Neurocognitive aging theories are based on age differences in blood-oxygen-level-dependent signal (BOLD) as measured with functional magnetic resonance imaging (fMRI). However, there is a growing recognition that BOLD age-changes result from many physiologic, neural, and cognitive factors that remain poorly understood and complicate interpretation of BOLD as a straightforward index of age-related neural change. More precise neurocognitive aging hypotheses can be formulated once the physiologic factors underlying age-related BOLD change are disentangled and measured separately. Three such factors are changes in cerebral blood flow (CBF), that deliver O2 to active neurons, change of the cerebral oxygen metabolism rate (CMRO2), an estimate of metabolic neural activity, and event-related potential (ERP), an estimate of post-synaptic neural activity. These factors have not been studied as extensively in aging as we propose to here. Using a dual-echo BOLD/ASL MRI pulse sequence, we have recently demonstrated that these important physiologic factors can be measured in brain aging studies, simultaneously with conventional BOLD signal. In this proposal, we plan to conduct a more systematic study to assess the relationship between age and task-evoked physiologic responses in blood flow, blood oxygenation, brain metabolism, as well as the influence of task-demand on these factors. We propose a general model on age-related changes in brain physiology that can reconcile diverse results in neurocognitive aging literature. We test the model in three Aims.
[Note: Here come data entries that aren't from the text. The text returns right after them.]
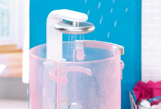 Onder de douche gaan, is net als tanden poetsen: het gaat allemaal ten koste van waardevolle speeltijd. Maar hygiëne is belangrijk en als je een douche hebt zoals deze, is het zelfs superleuk! BABY born® en haar zus passen perfect onder de verstelbare douchekop.
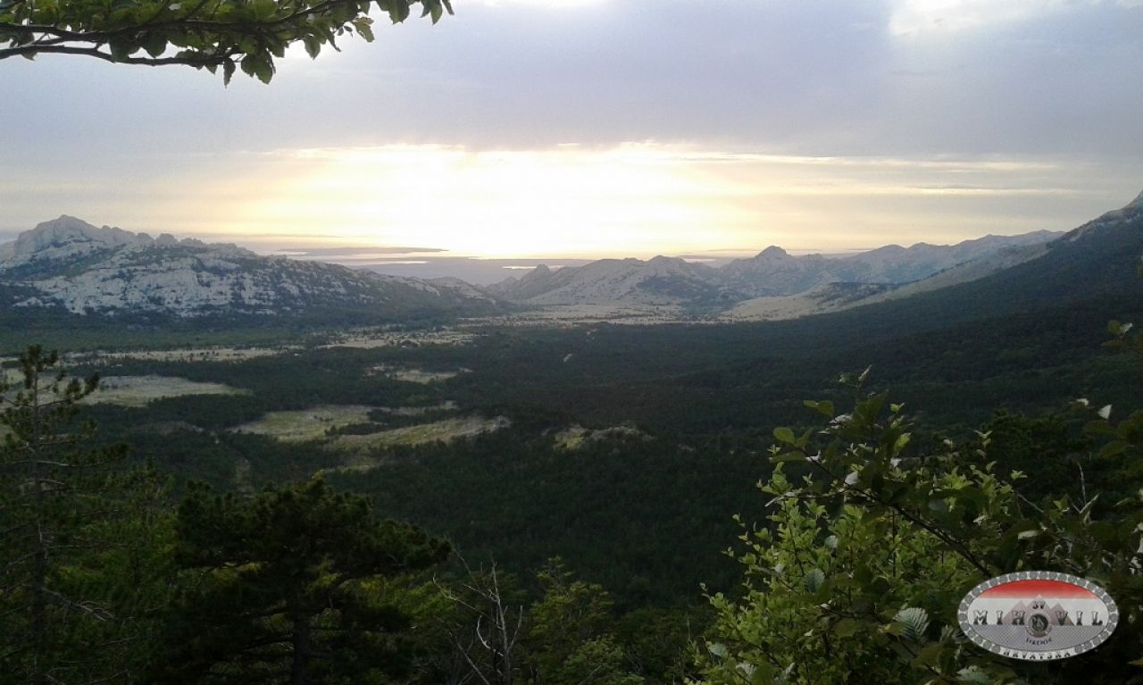 Prolazili smo kroz prekrasnu šumu, na prvom vidikovcu smo gledali predivan zalazak sunca, ponovo šuma, mirisi, pogled na kanjon Paklenice , u daljini Sveto brdo. Ah….
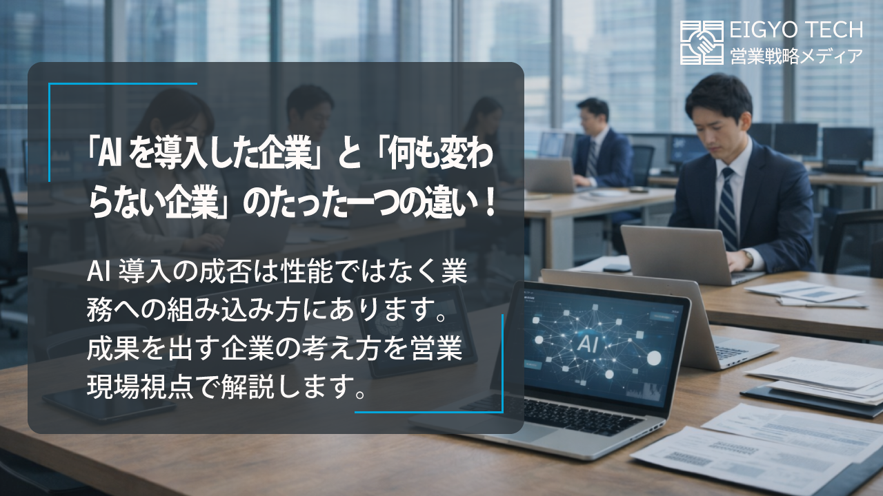 本記事では、「AIを導入した企業」と「何も変わらない企業」を分ける、たった一つの本質的な違いを、営業現場の構造に踏み込んで整理していきます。
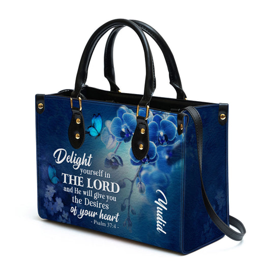 Delight Yourself In The Lord Psalm 37 4 Blue Orchids And Lilac Leather Bag, Personalized Leather Bible Handbag, Christian Gifts For Women
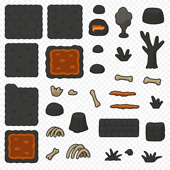 - Includes: floor tiles, lava tiles, walls, rocks, trees, bushes, bones, ribs, small details
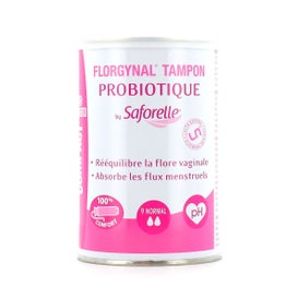 Saforelle Florgynal Tampon Probiotique Compact Normal 9 Tampones es un producto de protección sanitaria a base de probióticos con una acción local que reequilibra la flora vaginal y absorbe el flujo menstrual.Florgynal Tampon Probiotique Compact Normal de los laboratorios Saforelle te protegen a la vez que liberan probióticos para restablecer tu flora vaginal. El probiótico patentado LN (Lacto Natural) que contiene el tampón Florgynal está compuesto por 3 cepas diferentes de lactobacilos presentes de forma natural en la flora vaginal sana y cuya función es ayudar a mantener el equilibrio bacteriano.Recomendado para todas las mujeres reguladas con un desequilibrio de la flora vaginal, manifestado por picores, irritación, sensación de quemazón, olores desagradables, etc., que pueden provocar infecciones vaginales (vaginosis, micosis recurrentes, etc.).
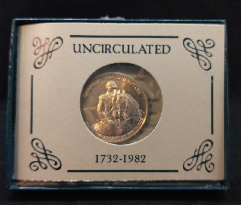George Washington Uncirculated Commemorative Silver Half Dollar In Box with COA
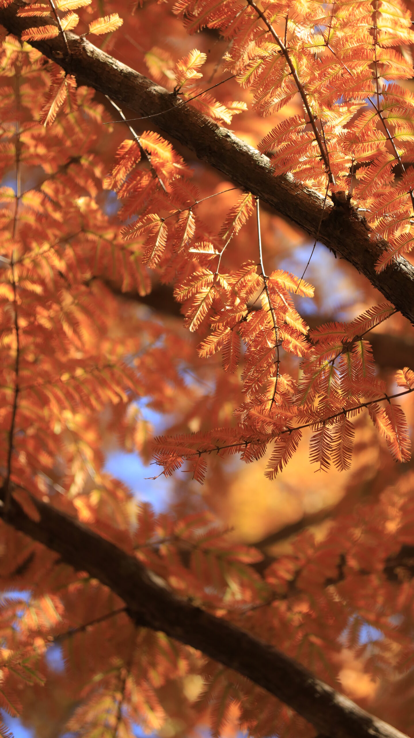 この写真は、笠間芸術の森公園で、綺麗なメタセコイアの紅葉に太陽の光が差し込む様子を撮影したものです。高木の紅葉が輝く壮大な秋の風景となっています。

Aims 1 and 2 are to measure age differences in visual and motor cortex BOLD, ERP, CMRO2, and CBF response to sensory and motor task-demands of varying strength.
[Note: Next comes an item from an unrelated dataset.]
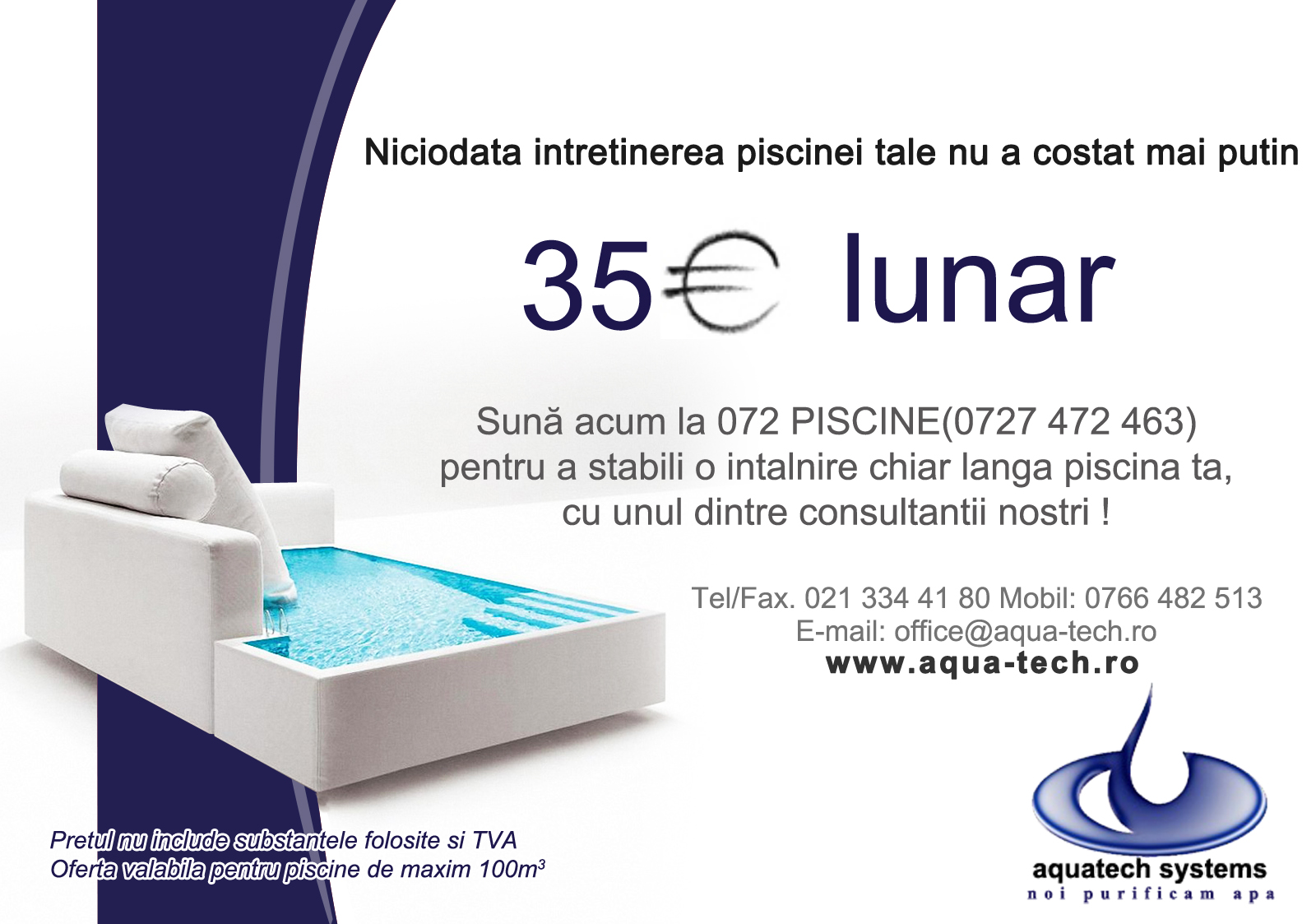 Si pentru ca Aquatech System isi propune ca sezonul acesta sa fie unic, a pregatit un pret pe masura: 35 de euro/luna (pret valabil pentru piscinele cu volum de maximum 100 mc apa).
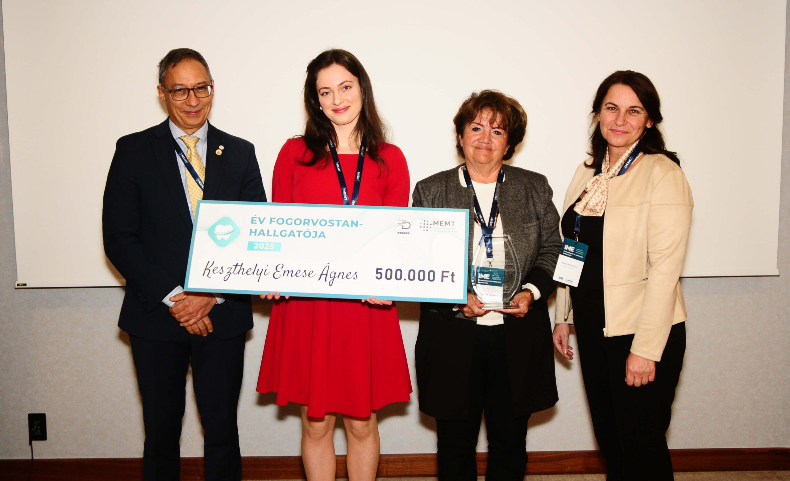 A zsűri értékelése alapján az Év Fogorvostan-hallgatója 2025 díjat Keszthelyi Emese Ágnes nyerte el, aki a Semmelweis Egyetem hallgatója.

In Aim 3 we will assess the role of CBF-CMRO2 uncoupling in age- related working memory and processing speed changes. Achieving our grant aims will yield new knowledge about (1) basic mechanisms of age-changes in neural function, (2) age-related neural-vascular changes that give rise to BOLD changes, and (3) how these basic mechanisms are tied to performance.
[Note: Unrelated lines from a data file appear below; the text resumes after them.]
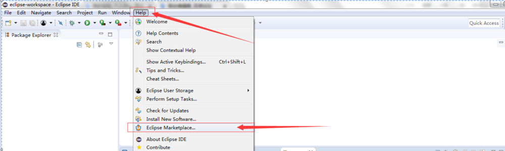 1、首先打開eclipse的菜單“Help”,找到下拉選項(xiàng)“eclipse marketplace”,如下圖所示。
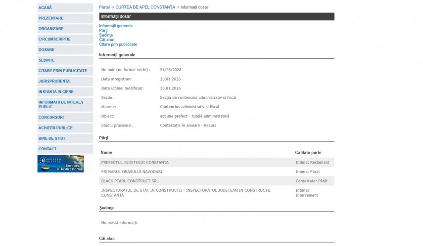 Pe rolul Curții de Apel Constanța a fost înregistrat dosarul 51/36/2026 la data de 30 ianuarie 2026. Dosarul a fost înregistrat la Secția de contencios administrativ si fiscal și are ca obiect „ acţiune prefect – tutelă administrativă “. Dosarul este în stadiul procesual – contestație în anulare și ultima modificare a fost efectuată la data de 30 ianuarie 2026.Părți în dosar sunt Prefectul Județului Constanța – Intimat Reclamant, Primarul Orașului Năvodari – Intimat Pârât, Black Pearl Construct SRL – contestator Pârât și Inspectoratul de Stat în Construcții – Inspectoratul Județean în Construcții Constanța – Intimat Intervenient.
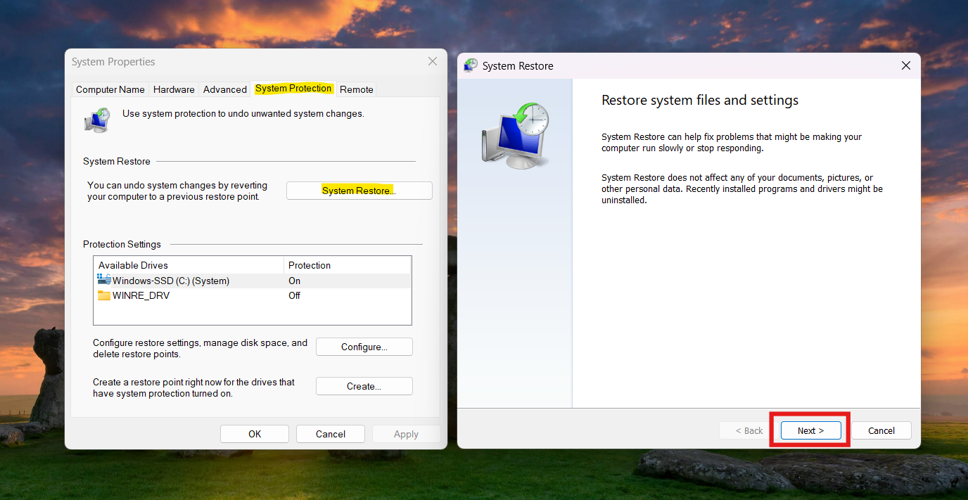 1. Si l'USB-C fonctionnait auparavant et s'arrêtait après des modifications récentes, utilisez la restauration du système pour revenir à un point où il fonctionnait correctement.
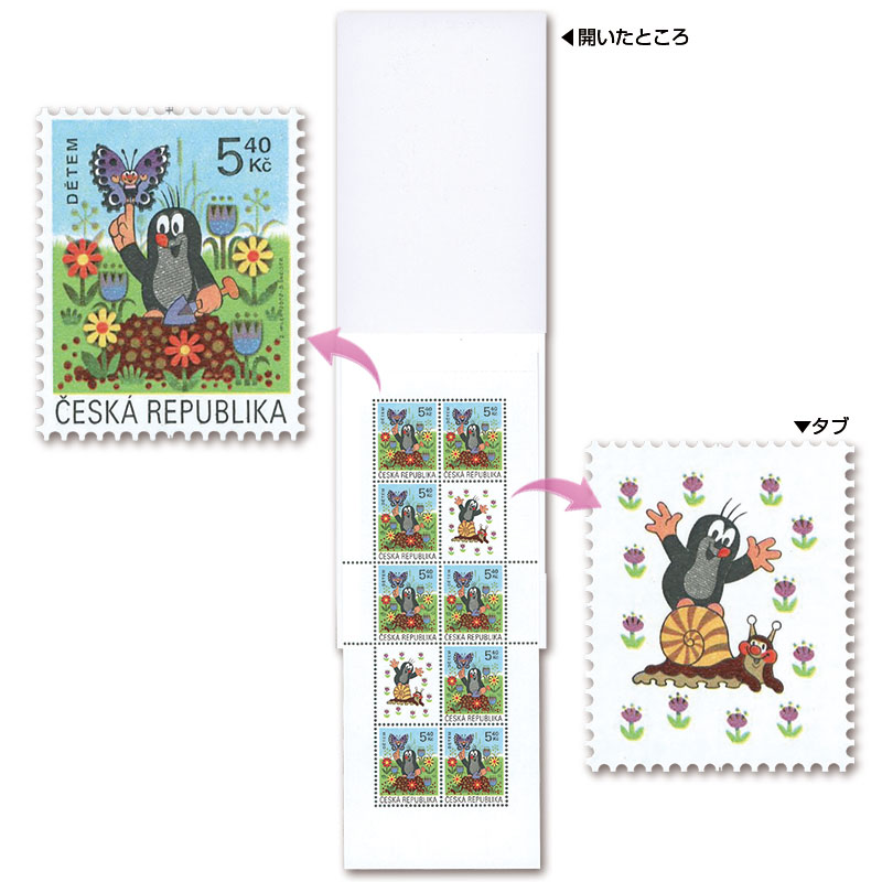 切手8枚とタブ2枚からなる10面ペーン1枚を収める。

Current brain aging theories are based on functional magnetic resonance imaging (fMRI) signal. However, there is a growing recognition that this signal does not accurately reflect age differences in brain activity. We propose new fMRI techniques to measure diverse brain-activity indices, permitting a greater understanding of how brain aging leads to the mental slowing and memory changes that characterize the adult human life-span.